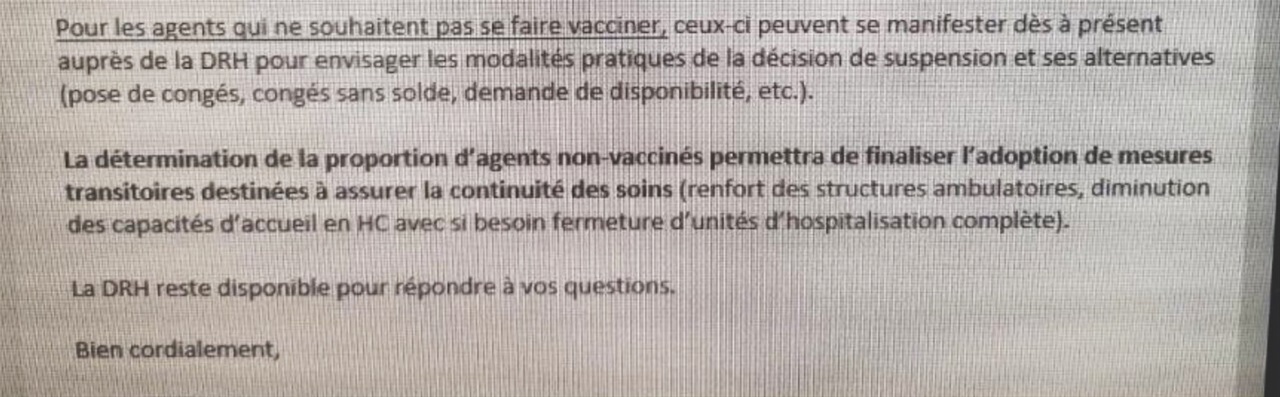 Cinquième bonne nouvelle : Me BRUSA fera demain soir (jeudi) un live pour expliquer plus en détail la situation dans le monde du travail (obligations des employés et des employeurs, droit de retrait, arrêts maladies, contrôles, sanctions, passe sanitaire, ….)
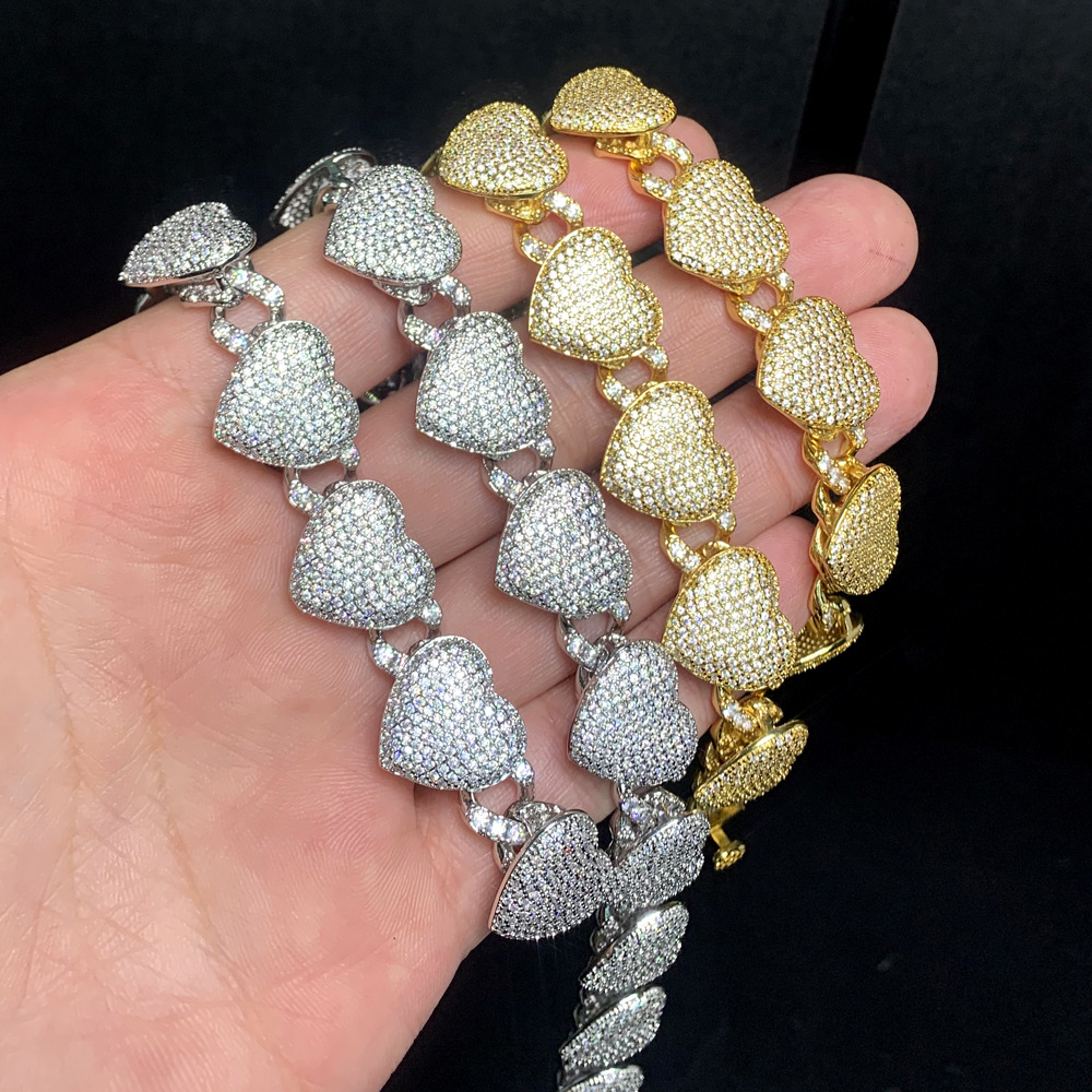 国境を越えたヒップホップの新型15mmハート型ジルコンキューバチェーンネックレスhiphopファッショントレンド個性男女ネックレス
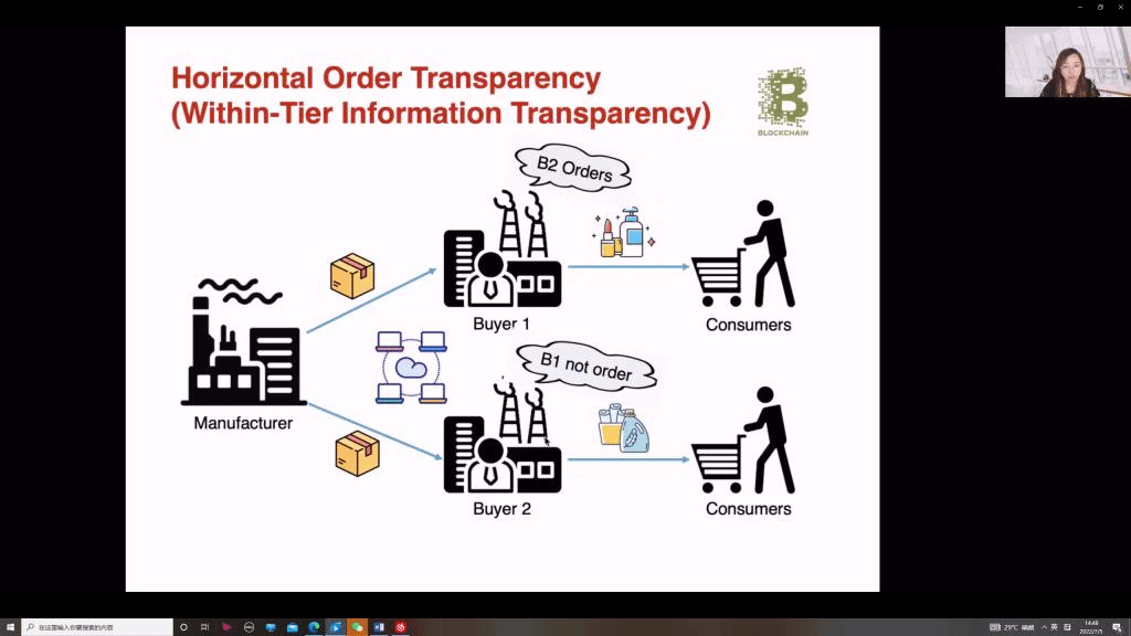 为解决这些问题,刘靓晨博士进一步讲述了两种不同维度的信息透明处理方式,第一种为垂直成本信息透明,该模式下的生产商采购成本对买家公开,使生产商能够依据采购策略执行动态定价;第二种为横向订单信息透明,该模式下所有买家的订购状态为公开信息,因此任一买家都可以基于其他买家的订购状态进行订购决策。通过构建博弈模型,获取供应链中各个利益相关方的均衡决策与收益,刘靓晨博士指出,区块链技术的引入是否有益于供应链与生产商的产能大小相关,且只有当产能足够大时,区块链技术对于所有利益相关方都是有益的;与之相对,当产能较小时,横向订单信息的透明度需要得到控制。

(What needs to be done) Could you reproduce the listing above word for word while leaving out its pictures?

(Task result)
 Cinquième bonne nouvelle : Me BRUSA fera demain soir (jeudi) un live pour expliquer plus en détail la situation dans le monde du travail (obligations des employés et des employeurs, droit de retrait, arrêts maladies, contrôles, sanctions, passe sanitaire, ….)
 国境を越えたヒップホップの新型15mmハート型ジルコンキューバチェーンネックレスhiphopファッショントレンド個性男女ネックレス
 为解决这些问题,刘靓晨博士进一步讲述了两种不同维度的信息透明处理方式,第一种为垂直成本信息透明,该模式下的生产商采购成本对买家公开,使生产商能够依据采购策略执行动态定价;第二种为横向订单信息透明,该模式下所有买家的订购状态为公开信息,因此任一买家都可以基于其他买家的订购状态进行订购决策。通过构建博弈模型,获取供应链中各个利益相关方的均衡决策与收益,刘靓晨博士指出,区块链技术的引入是否有益于供应链与生产商的产能大小相关,且只有当产能足够大时,区块链技术对于所有利益相关方都是有益的;与之相对,当产能较小时,横向订单信息的透明度需要得到控制。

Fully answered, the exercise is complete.